Maladera eremita

Scientific classification
- Kingdom: Animalia
- Phylum: Arthropoda
- Class: Insecta
- Order: Coleoptera
- Suborder: Polyphaga
- Infraorder: Scarabaeiformia
- Family: Scarabaeidae
- Genus: Maladera
- Species: M. eremita
- Binomial name: Maladera eremita (Brenske, 1899)
- Synonyms: Autoserica eremita Brenske, 1899;

= Maladera eremita =

- Genus: Maladera
- Species: eremita
- Authority: (Brenske, 1899)
- Synonyms: Autoserica eremita Brenske, 1899

Species of beetle

Maladera eremita is a species of beetle of the family Scarabaeidae. It is found in the Philippines (Mindanao).

==Description==
Adults reach a length of about 8 mm. They have a rounded oval, dull, brownish-red or blackish body. The clypeus is densely punctate, somewhat more wrinkled anteriorly, distinctly margined, slightly raised in the middle of the margin with short, rounded corners, and with a faint hump-like elevation in the middle of the surface.

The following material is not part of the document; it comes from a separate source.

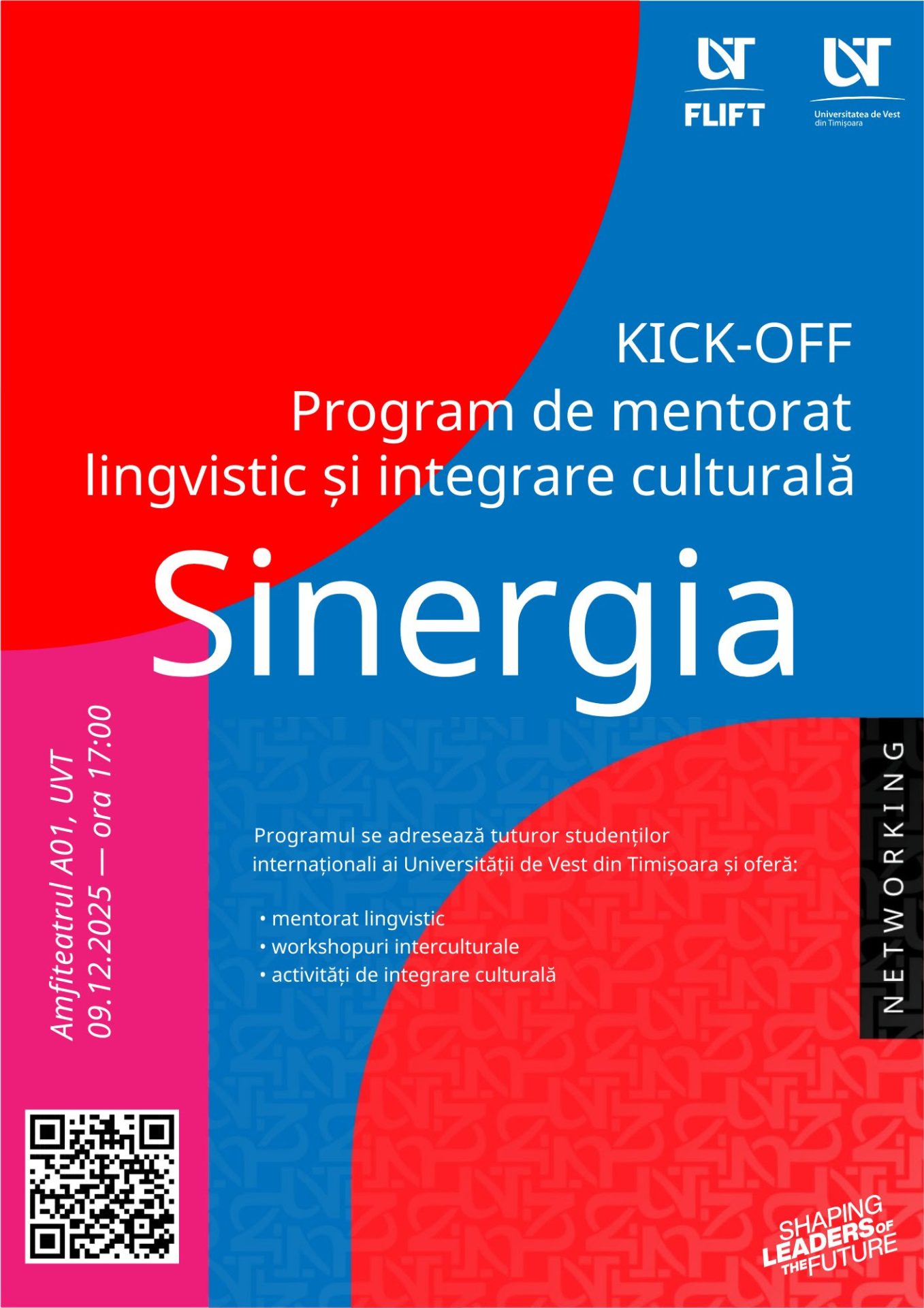 Universitatea de Vest din Timișoara (UVT), prin Facultatea de Litere, Istorie, Filosofie și Teologie, a lansat Programul de mentorat lingvistic și integrare culturală SINERGIA. La eveniment au fost prezenți un număr însemnat de studenți internaționali din UVT, alumni ai Programului pregătitor de limba română ca limbă străină pentru cetățenii străini, precum și studenți voluntari, dornici să fie parte din acest demers.
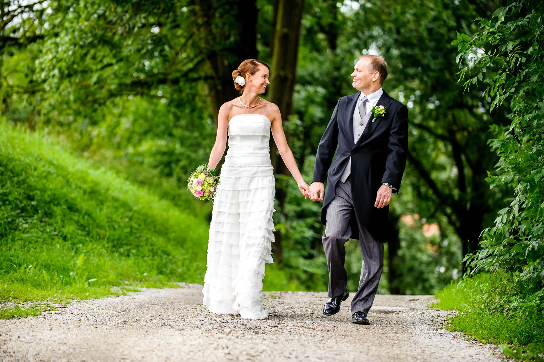 Mein Brautpaar wünschte sich kein ausgedehntes Shooting. Stattdessen spazierten wir entspannt über das weitläufige Gelände. Dabei halte ich mich bei der Reportage dezent im Hintergrund, beim Brautpaarshooting gebe ich kleine Hinweise – nehme aber auch gerne Ideen des Brautpaars auf. So entstanden natürliche Portraits, mal mit einem Augenzwinkern, mal in Bewegung. Für mich als Hochzeitsfotograf ist das die schönste Art zu arbeiten: authentisch, lebendig und mit Raum für die Persönlichkeit des Paares.

The frons and pronotum are widely punctate, the punctation being obscured by the tomentum. The hind corners of the pronotum are almost rectangular, and the marginal setae are weak and sparsely preserved. The striae of the elytra are clearly marked by rows of punctures, with the intervals all of equal width and widely punctate. The setae of the lateral margin are very short and inconspicuous.